Naruto
Kishimoto Masashi
-.-
Irresponsible Kiss
by ceruleanday
-.-
NaruSasu fanfiction
Rate: T. Genre: Romance.
Special fic for S.N.S Hanasu of Chocolate: Brown chocolate.
"—aku selalu percaya bahwa Tuhan akan mempertemukan kita dengan orang-orang menyenangkan di luar sana dengan cara yang tak terpikirkan oleh rasionalitas kita. Dan aku... aku ingin menjadi teman bagi orang-orang itu, meski mereka membenciku."
-.-
Langkah-langkah berat bertumpu pada tatanan kayu yang teratur sempurna dalam sebuah kubikel berukuran empat puluh kali enam puluh meter. Tebasan bambu berjenis unik terdengar beriringan. Beberapa pasang mata lurus tertuju pada titik episentrum keramaian. Suasana dojo yang selalu sepi di hari-hari kerja ini akhirnya mendapatkan kembali ritmenya yang sumbang. Empat hingga lima puluhan manusia memadati garis-garis putih yang membatasi dua sosok berpakaian serba hitam di tengah-tengahnya. Mereka semua mengamati tanpa berpaling sedikit pun dari tiap gerakan kaki dan ayunan shinai yang begitu anggun. Mereka seperti menari dalam hempasan langkah yang teratur.
Men. Do.
Nilai sudah teraih. Kemungkinan besar ia akan menang.
Kote.
Sang lawan berupaya menghindar. Namun, sang penyerang tak mudah dikelabui. Ia mengambil satu langkah ke samping, kemudian mengarahkan shinai-nya pada titik vital lawan. Satu saja, maka kemenangan mutlak telah didapatkannya.

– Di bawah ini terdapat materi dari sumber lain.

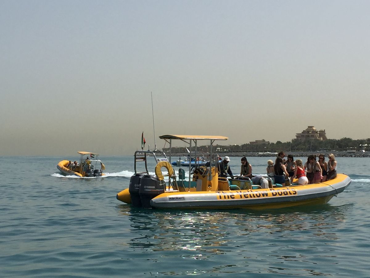 マリーナから出発してマリーナ内はゆっくり周りの高層ビルの写真など取ることが出来ます、マリーナから出るといきなりスピードアップでスリル満点Palm Jumeirahの外側を回ってAtlantisまで行くと綺麗に写真を撮れる場所で停まってくれます。そして7つ星ホテルのBurlj Al Arabのそばで写真を撮って,Palm Jumeirahの反対側から戻ってる感じです、ガイドは英語ガイドですが、話し方がゆっくり話す感じなので、英語の苦手な方でもある程度は解ると思います、途中世界で3番目に大きな個人所有のヨットなど見たり色々楽しめます、ヘリは高いのでこれは値段も手頃なのでお勧めです、酔いやすい人は酔い止め服用をお勧めします。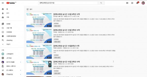 유튜브 온라인 교실에는 초등 전 학년을 대상으로 학년별 국어, 수학, 영어 수업 등 영상을 탑재하고, 초등 3~6학년에게는 학년별 실시간으로 수학 수업 동영상을 제공한다.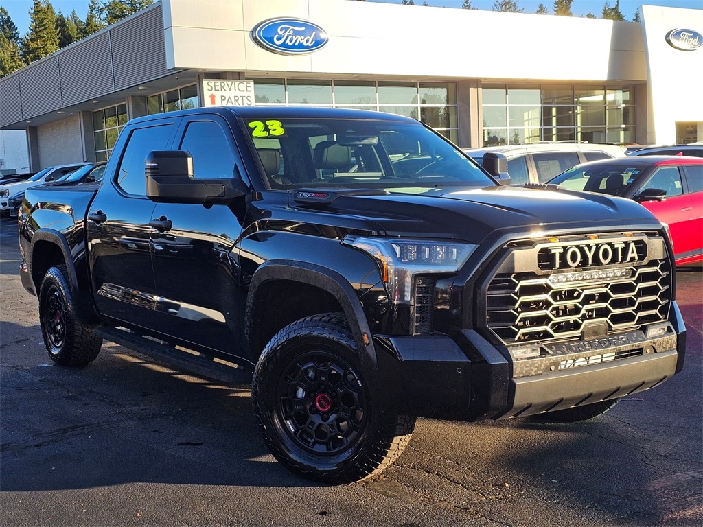 BACK UP CAMERA, LEATHER, PANORAMIC SUNROOF, 3.4L V6, Towing Technology Package, 12 Speakers, 3.31 Axle Ratio, 4-Wheel Disc Brakes, 400W/120V AC Rear Seat & Bed Power Supply, ABS brakes, Air Conditioning, Alloy wheels, AM/FM radio: SiriusXM, Apple CarPlay/Android Auto, Auto High-beam Headlights, Auto-dimming door mirrors, Auto-dimming Rear-View mirror, Automatic temperature control, Black Dual Exhaust Tips w/Debossed TRD Pro Logo, Brake assist, Bumpers: body-color, Delay-off headlights, Driver door bin, Driver vanity mirror, Dual front impact airbags, Dual front side impact airbags, Electronic Stability Control, Emergency communication system: Safety Connect (10-year trial), Front & Rear Mud Guards, Front anti-roll bar, Front Bucket Seats, Front Center Armrest, Front dual zone A/C, Front fog lights, Front reading lights, Front wheel independent suspension, Fully automatic headlights, Garage door transmitter: HomeLink, Heated & Ventilated Front Bucket Seats, Heated Color-Keyed Outside Mirrors, Heated door mirrors, Heated front seats, Heated steering wheel, Illuminated entry, Knee airbag, Leather Shift Knob, LED Lightbar w/Fog & Marker Lights, Low tire pressure warning, Memory seat, Multi-Terrain Back Monitor, Navigation System, Occupant sensing airbag, Outside temperature display, Overhead airbag, Overhead console, Panic alarm, Passenger door bin, Passenger vanity mirror, Power door mirrors, Power driver seat, Power moonroof, Power Panoramic Roof, Power passenger seat, Power steering, Power windows, Qi-Compatible Wireless Smartphone Charger, Radio data system, Radio: Premium Audio w/JBL, Rear reading lights, Rear seat center armrest, Rear step bumper, Rear window defroster, Remote keyless entry, Security system, Smoked-Finish Premium LED Headlights & DRL, SofTex Seat Trim, Speed control, Speed-sensing steering, Split folding rear seat, Sport steering wheel, Steering wheel mounted audio controls, Tachometer, Telescoping steering wheel, Tilt steering wheel, Traction control, TRD Pro Heated Leather-Trimmed Steering Wheel, Trip computer, Turn signal indicator mirrors, Variably intermittent wipers, Ventilated front seats, Voltmeter, Wheels: 18" x 8" Black BBS Forged Aluminum, CONSOLE SAFE, 3.4L V6, Towing Technology Package. 2023 Toyota Tundra Hybrid TRD Pro 3.4L V6 10-Speed Automatic 4WD 4D Crew Cab Midnight Black Metallic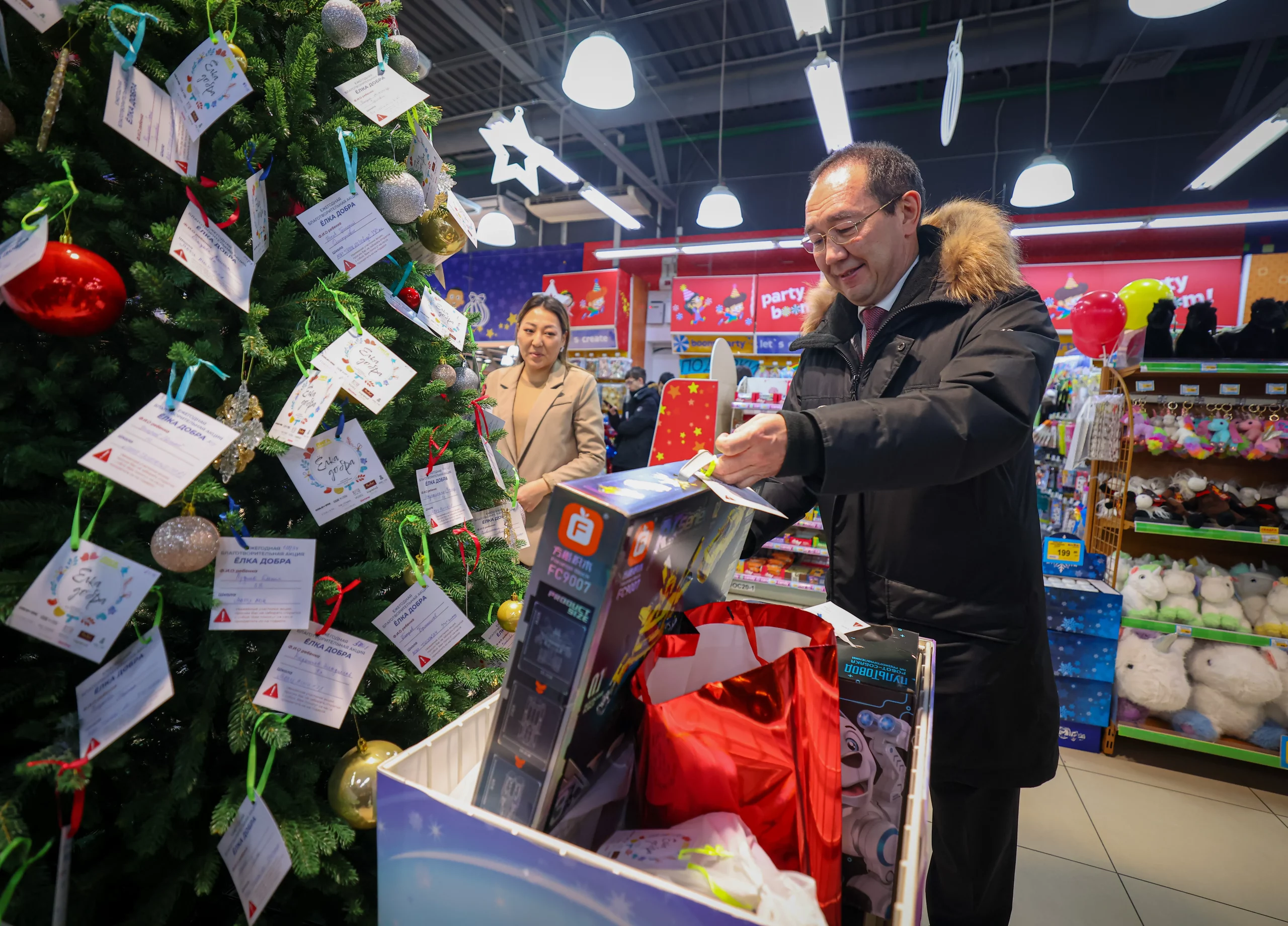 Глава Республики Саха (Якутия) Айсен Николаев принял участие в ежегодной благотворительной акции «Ёлка добра», исполнив новогодние желания Жанны Гороховой и Эрсана Иванова из коррекционной школы.

Suara-suara ketakutan sedikit membuat adrenalin sang penyerang terpacu. Ia mengarahkan sekali lagi shinai kebanggaan miliknya itu di kepala. Satu Men. Tapak-tapak cepat membuat konsentrasi sang penyerang membuyar. Ia lengah. Seharusnya ia tak terburu-buru seperti ini. Shinai sang lawan terpagut membentuk simbol X dengan shinai sang penyerang. Waktu terus bergerak dan menjadi menit-menit yang berbahaya. Pasang-pasang mata yang menyaksikan ikut mendapatkan euphoria jantung yang berdegup cepat. Ada yang mengucurkan keringat berlebihan karenanya. Kepalan tangan nyaris membuat kayu-kayu dojo memberi bekas kecoklatan.

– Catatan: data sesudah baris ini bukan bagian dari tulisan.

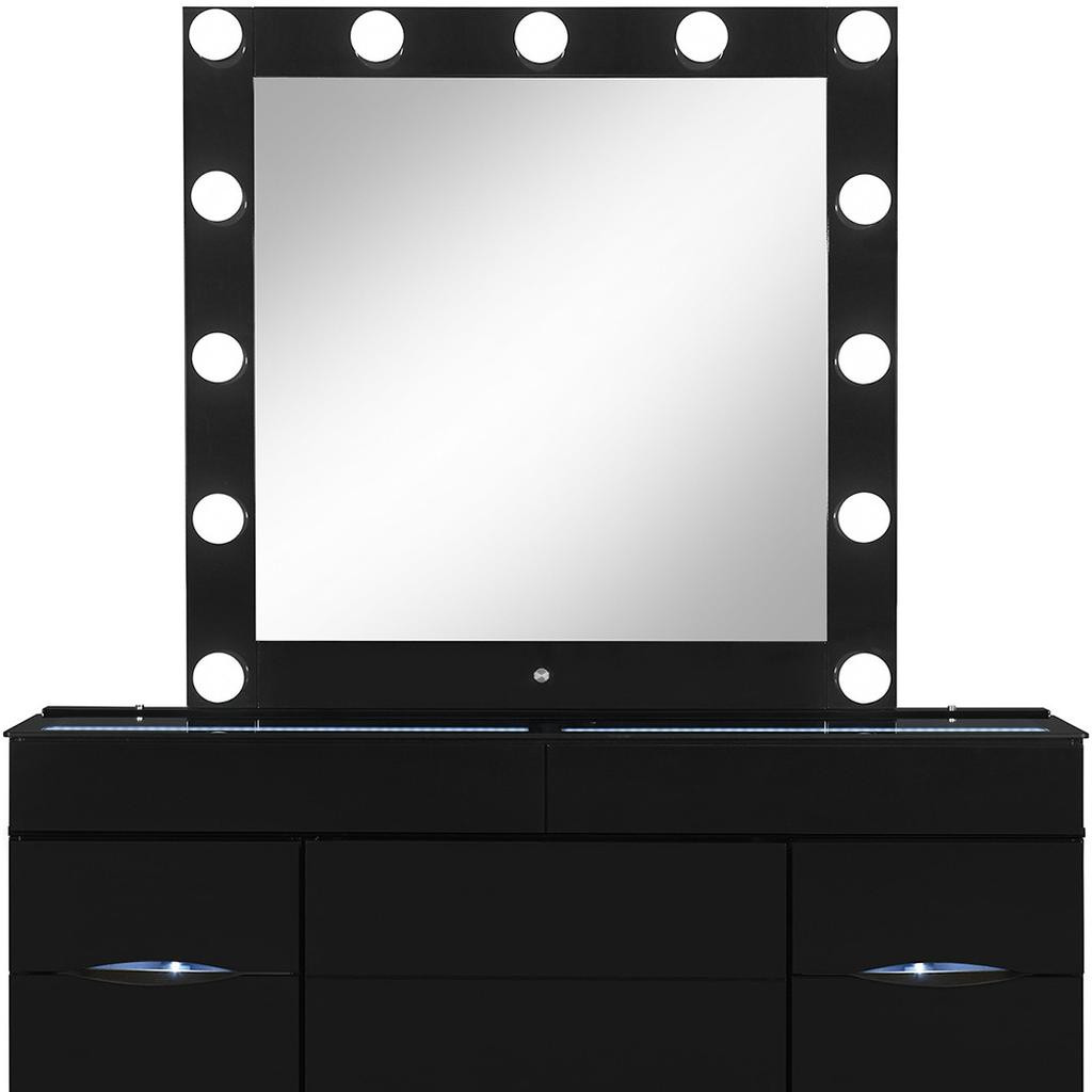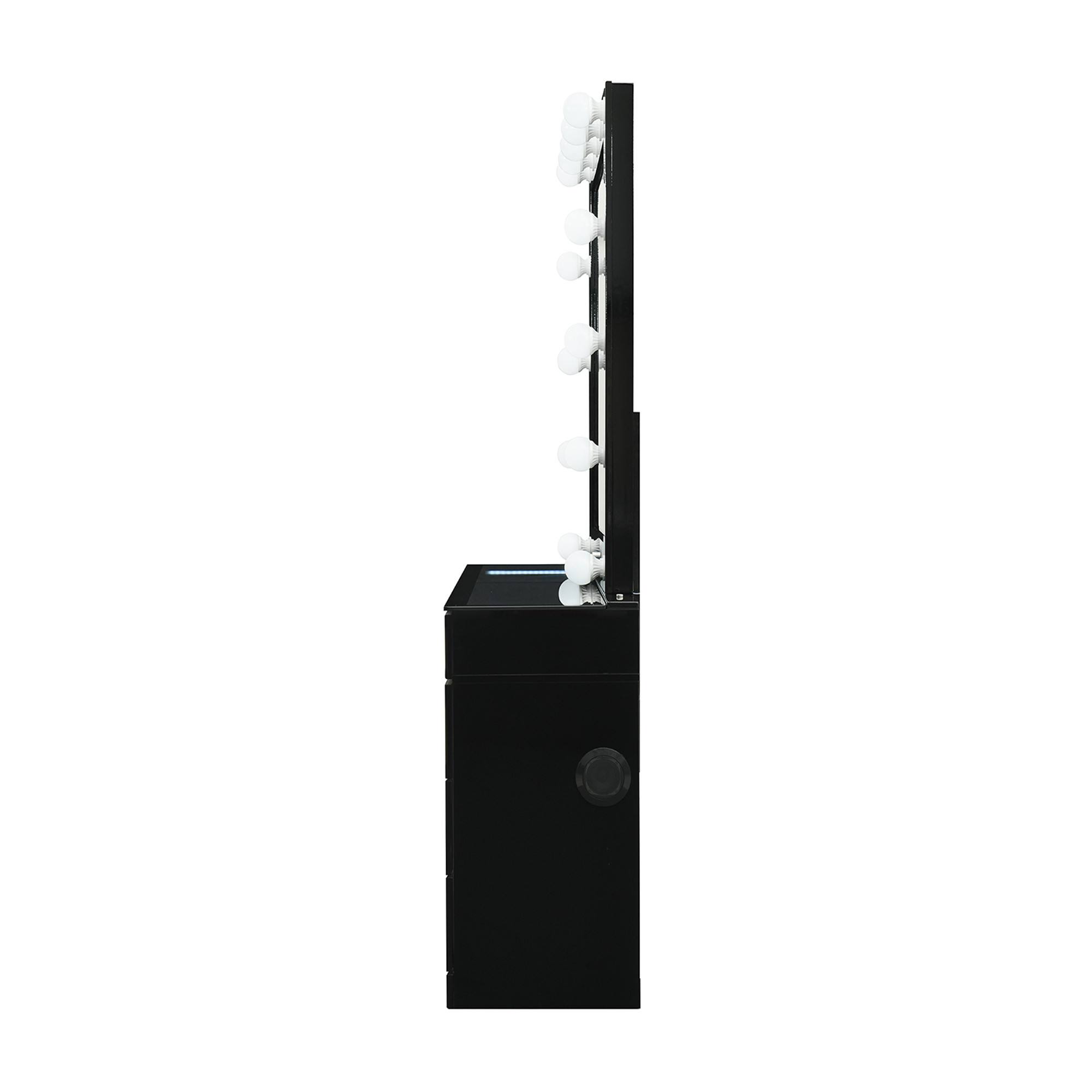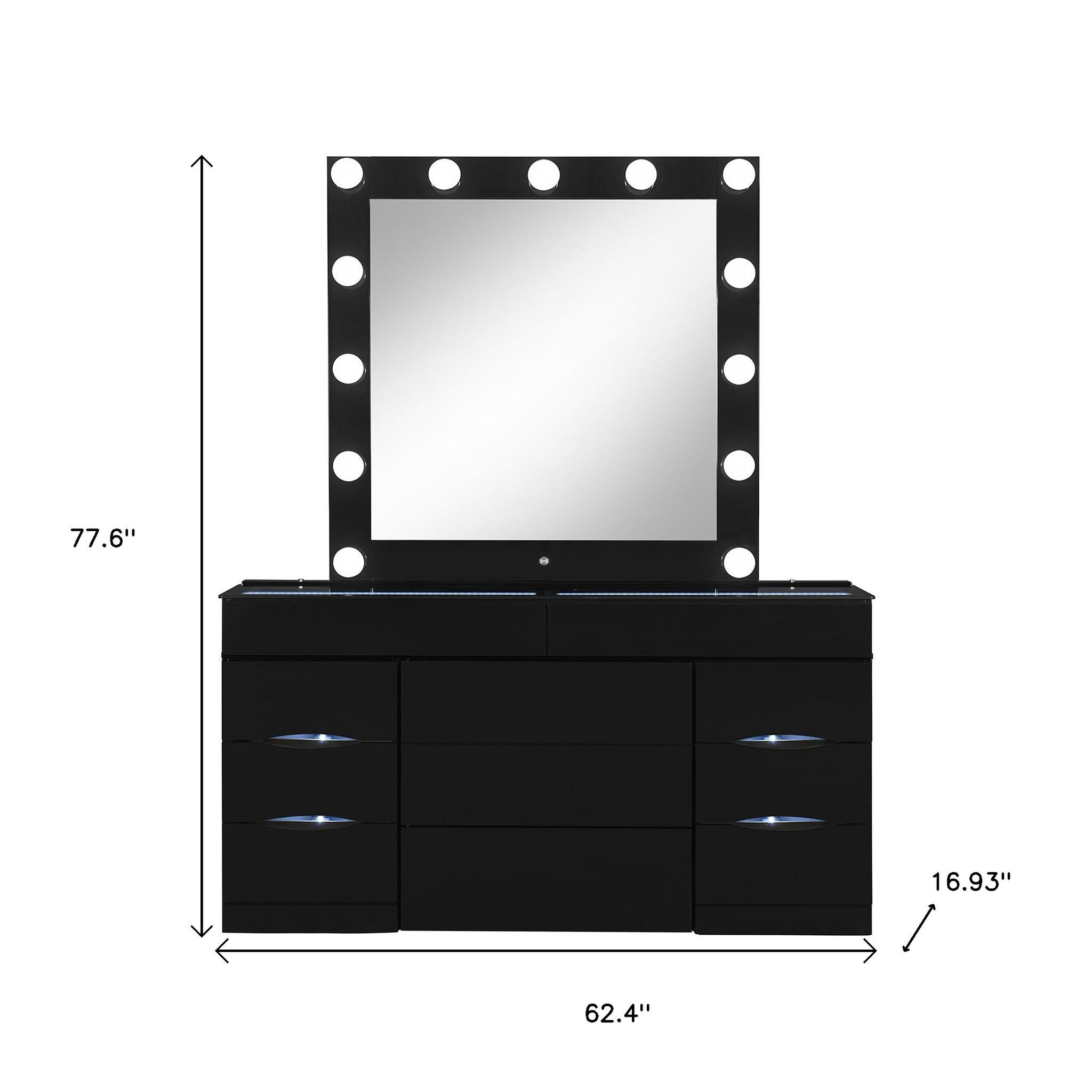 Transform your morning routine with our Hollywood glam yet functional 62-inch black six drawer vanity table with mirror, seating, and lights. Complete with a coordinating stool for you to sit on while you get ready, this vanity set is the ideal way to get ready. You can easily keep everything you need right at your fingertips with the included six pull out drawers. For even more concealed storage, the included stool features a lift top that opens to reveal additional space. Experience a new level of luxury and convenience with this versatile and glam vanity that will cater to your grooming needs, whether it's keeping organized, applying makeup, styling your hair, or achieving your best look every day. 77.60-inch h x 62.40-inch w x 16.93-inch d.

Sang penyerang sadar bahwa ia hanyalah pemuda dengan bobot kurang dari enam puluh kilo, sedangkan yang kini dihadapinya kemungkinan besar melewati dari itu. Itu adalah kesalahan pertama yang sangat fatal tentunya, tetapi ia bisa mengambil keuntungan dari kekuatan lawan. Terkadang, berat tubuh yang berlebihan akan menyusahkan lutut untuk menopangnya. Jadi, dengan menggunakan menit yang tersisa, ia akan mengelak dan maju dengan kecepatan tinggi.
Satu langkah. Dan, ia melihat senyum jahat terbentuk di wajah lawannya. Dari balik Men Bogu -nya, ia sudah memastikan isi kepala si lawan. Wajah bisa menunjukkan segalanya. Emosi yang berlebihan sungguh adalah kelemahan. Kelemahan adalah bagian dari kemenangan yang seharusnya diketahui oleh semua orang. Itulah yang selalu diajarkan Uchiha Fugaku pada sosok pemuda yang terbungkus dalam kendo gi ini.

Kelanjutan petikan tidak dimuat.